Dopo la disfatta del referendum, su cui notoriamente la Segretaria Schlein aveva puntato molto, l’ala riformista del Partito Democratico, che fa capo a Bonaccini, lascia trapelare sempre più insistentemente la volontà di andare a un congresso per capire che direzione far prendere alla maggiore forza politica dell’opposizione.
I dissidi mai sopiti fra le varie anime del partito sono esplosi non appena le urne si sono chiuse.
L’aria di resa dei conti era palpabile fin da subito, con l’eurodeputata Pina Picierno che parla apertamente di “autogol e regalo alla destra”, e qualcuno, come la deputata Simona Malpezzi, che accusa di aver troppo politicizzato la campagna referendaria, rendendo la consultazione un plebiscito sul governo. Anche i fondatori del partito lanciano messaggi preoccupati (e in qualche modo preoccupanti) a Elly Schlein.
Pierluigi Castagnetti, navigato politico della prima e seconda repubblica, affida ai social una dura riflessione e un monito: “Qualcuno dica a Schlein, anche solo privatamente, che così si va a sbattere. Posto che da quelle parti dove sembra prevalere l’arroganza ci sia ancora qualcuno interessato a tornare a vincere, per il bene del Paese e delle sue più giovani generazioni”.
Dall’altra parte della barricata però si tende a valorizzare i (pochi) risultati ottenuti. La Schlein conta i voti: 13 milioni di voti non sono sufficienti ma non sono pochi.
Un fedelissimo della segretaria, Igor Taruffi, risponde alla Picierno in un modo piuttosto brusco: “Parlare di regalo alla destra è sbagliato. Sul lavoro il Pd ha imboccato la strada giusta. Il regalo alla destra si è fatto negli anni passati quando si è rotto il rapporto con il nostro popolo”.
Di chi è la responsabilità vera della disfatta?
Il clima teso viene però stemperato dalla paura che al congresso si arrivi veramente; che la segretaria sia tentata di andare a una conta che non dia i risultati sperati dalla corrente riformista. Voci di corridoio dicono che ad oggi la mozione Schlein ha una solida maggioranza di delegati.
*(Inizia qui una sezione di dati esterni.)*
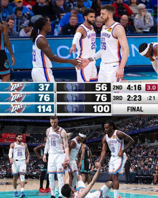 在孟菲斯的夜晚,雷霆用一场从谷底反弹的逆转,完成了这趟漫长的四连客征程。比分定格在114比100,雷霆在一度过期19分的情况下,靠着亚历山大的千里稳与爆发,硬生生把比赛的节拍再行拿了纪念。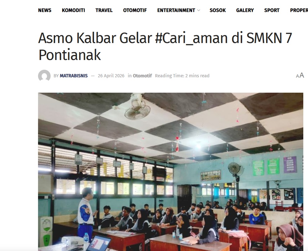 Asmo Kalbar Gelar #Cari_aman di SMKN 7 Pontianak by Sri Yuliantiningsih 26 April 2026 in Silahkan kunjungi https://matrabisnis.id/2026/04/26/asmo-kalbar-gelar-cari_aman-di-smkn-7-pontianak/. You Might Like Regional Public Launching New ADV160 The SUV Pride Grand Launching New PCX 160 Truly Exceptional! Tetap hati-hati ya bro sist berkendara saat hujan.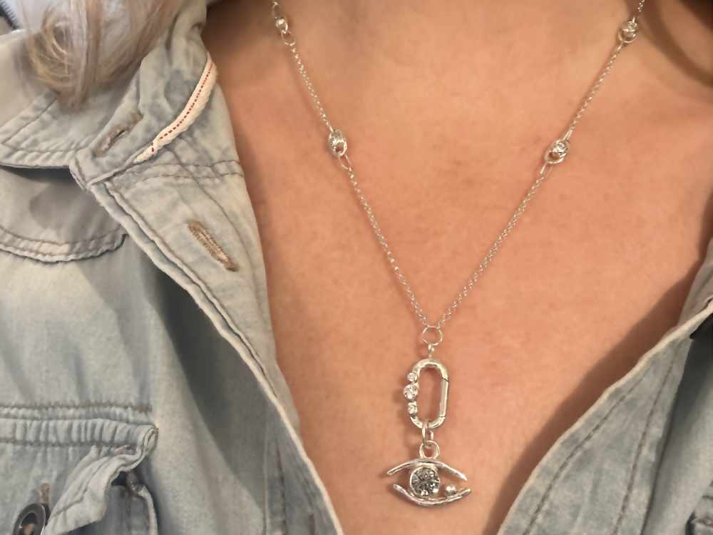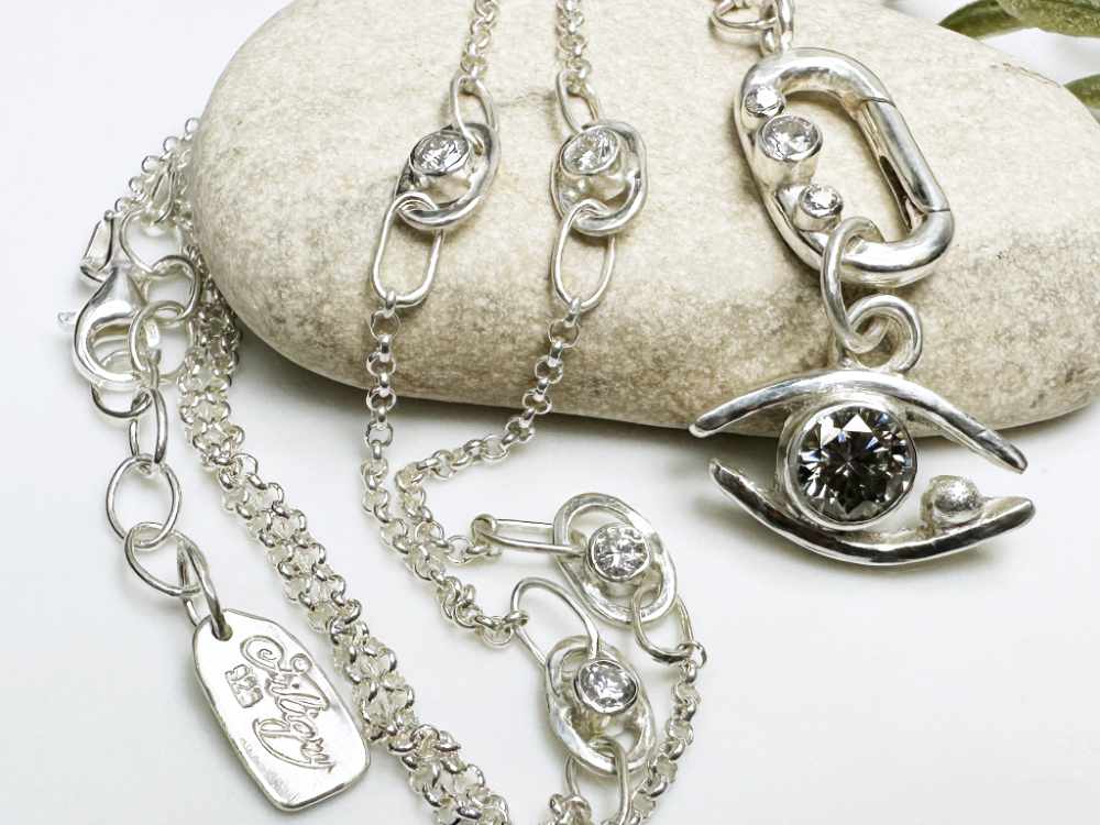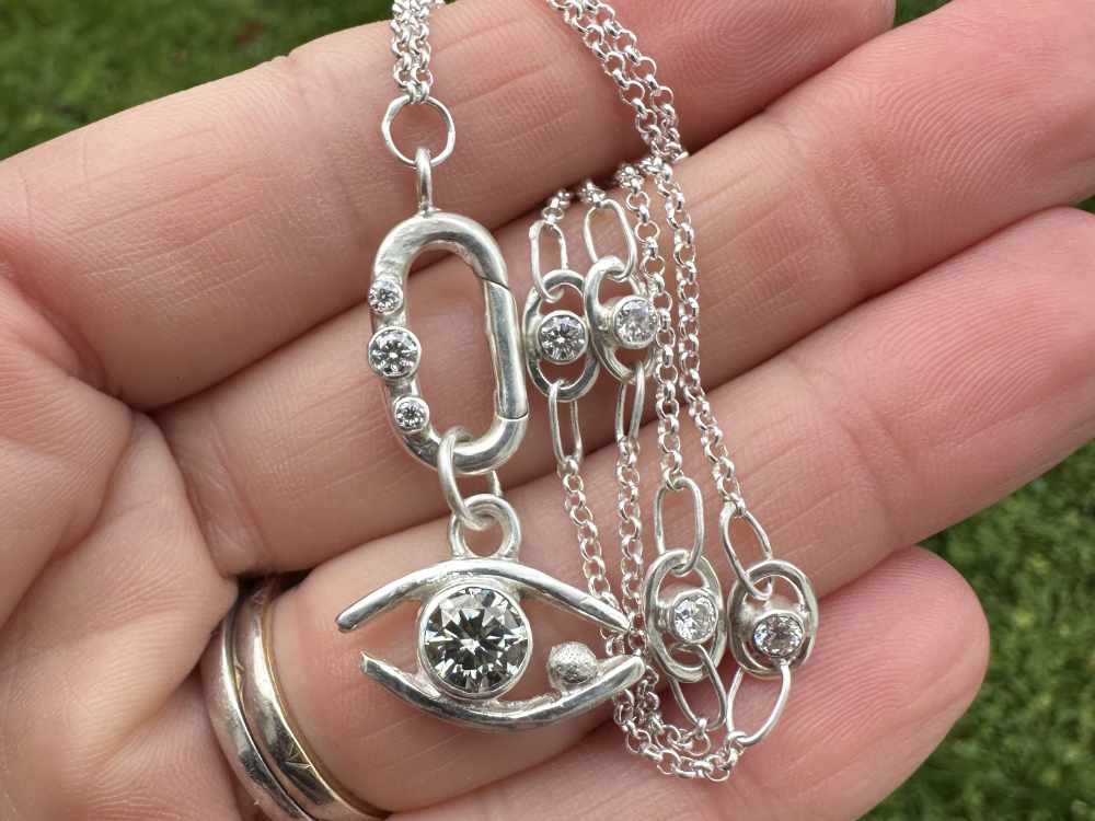 Diese außergewöhnliche, handgefertigte Charm Halskette mit Anhänger in Form eines bösen Blicks aus Moissanit ist aus hochwertigem Silber gefertigt und besticht durch ihr zeitloses und elegantes Design. Der funkelnde Moissanit, bekannt für seine Brillanz und sein feuriges Leuchten.

Vi è poi lo spinoso problema del campo largo, che sta dando buon risultati alle amministrative, pur se talvolta dimostra di traballare.
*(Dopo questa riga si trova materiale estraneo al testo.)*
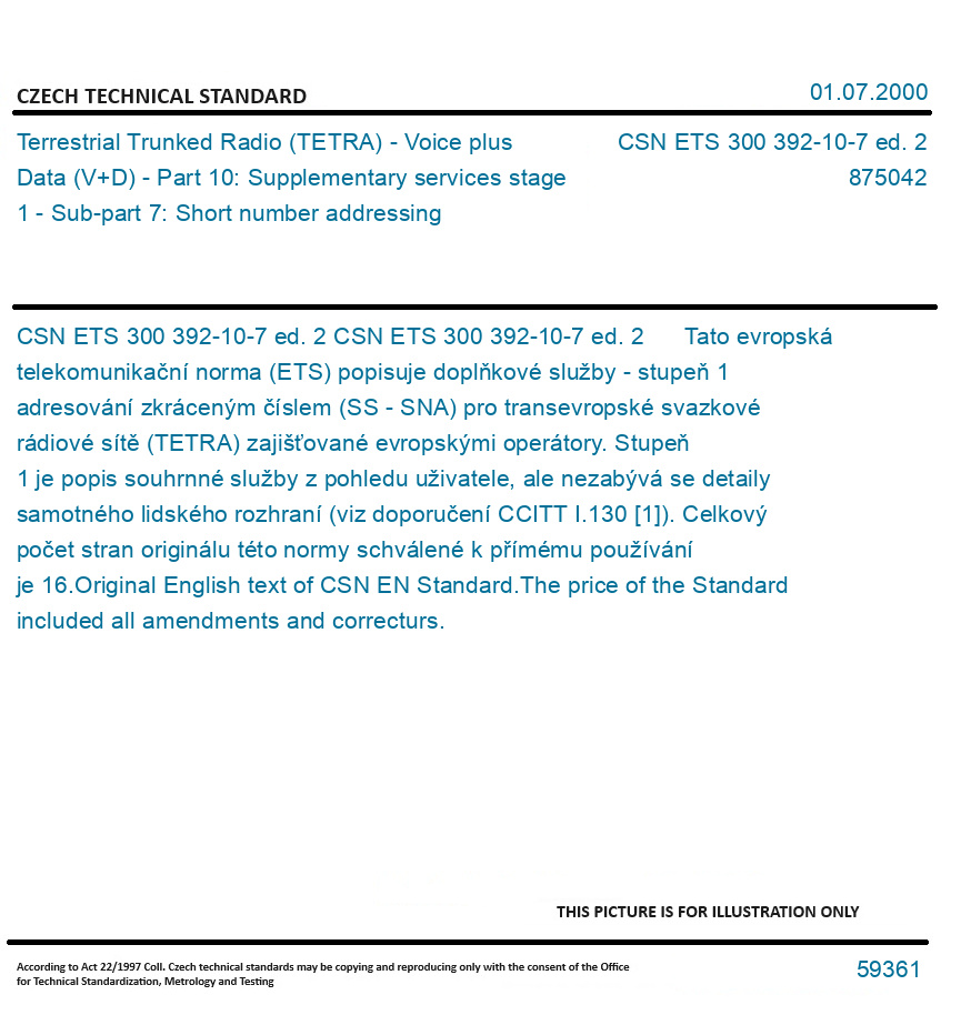 | Number of Standard: | CSN ETS 300 392-10-7 ed. 2 |

Saprebbe una nuova segreteria avere un rapporto con alleati molto diversi fra loro (AVS, M5S)? Avrebbero la tentazione, dai più definita suicida, di andare da soli, o di guardare ai centristi come Renzi e Calenda?
Francesco Boccia dimostra ottimismo per quanto riguarda l’unione di tutte, o quasi, le opposizioni, parlando di “un fronte che unito vale quanto il centrodestra”. Una forza dunque da non disperdere né sottovalutare.
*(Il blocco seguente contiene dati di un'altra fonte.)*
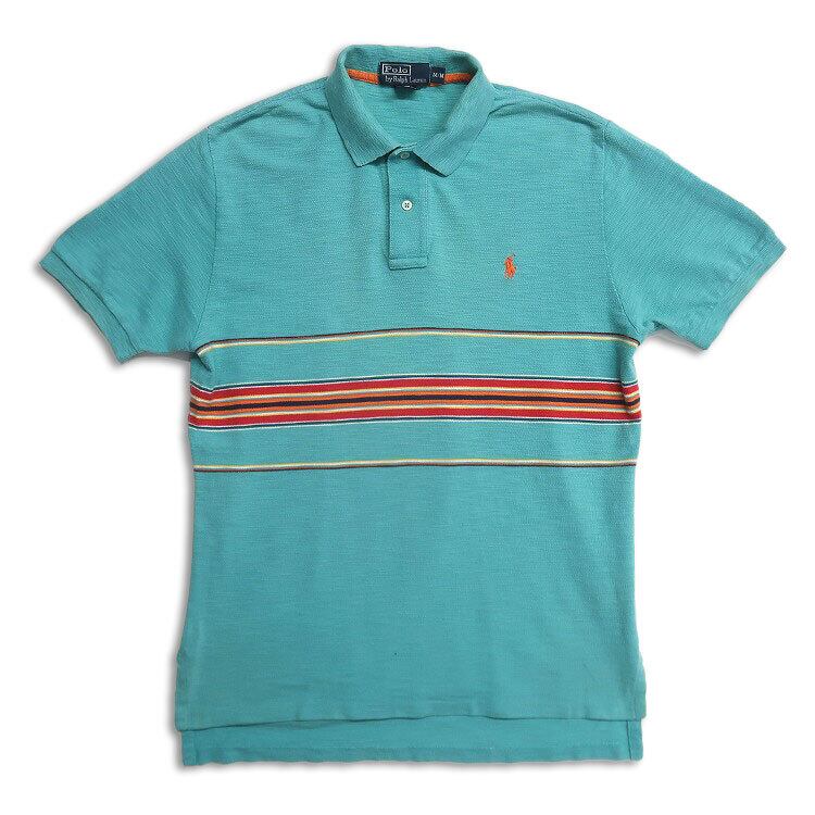 古着 ラルフローレン Ralph Lauren 半袖ポロシャツ ワンポイント ボーダー 鹿の子 表記:M gd402875n w40612

Alla fine molta acqua viene gettata sul fuoco, mostrando la non volontà di non infliggere un colpo che potrebbe rivolgersi contro se stesso.
Stefano Bonaccini, eurodeputato, membro della segreteria e sicuramente uno dei punti di riferimento dell’opposizione interna a Schlein, smorza i toni. Si vocifera che la convocazione di una riunione urgente della sua area politica sia stata in tutta fretta annullata, proprio per non dare adito ad ulteriori tensioni.
Con i passare dei giorni le bocche sono cucite e molti membri del partito, anche di alto livello, si trincerano dietro al classico no comment.
“Il referendum è fallito. Non servono giri di parole. Ma ora niente resa dei conti. Serve capire davvero il messaggio degli italiani e migliorare, anche cambiando schema”, questa la dichiarazione emblematica dell’ex Sindaco di Firenze Dario Nardella, oggi deputato al Parlamento Europeo.
La parola d’ordine è dunque “riflettere, non rompere”?
Le voci dicono esattamente questo.
Almeno per ora la pace regna sovrana nel Partito Democratico.
Ribadiamo il concetto: almeno per ora.
Il conflitto è sempre pronto a ripartire, se non si trova un modus vivendi e un punto da cui rialzarsi tutti insieme.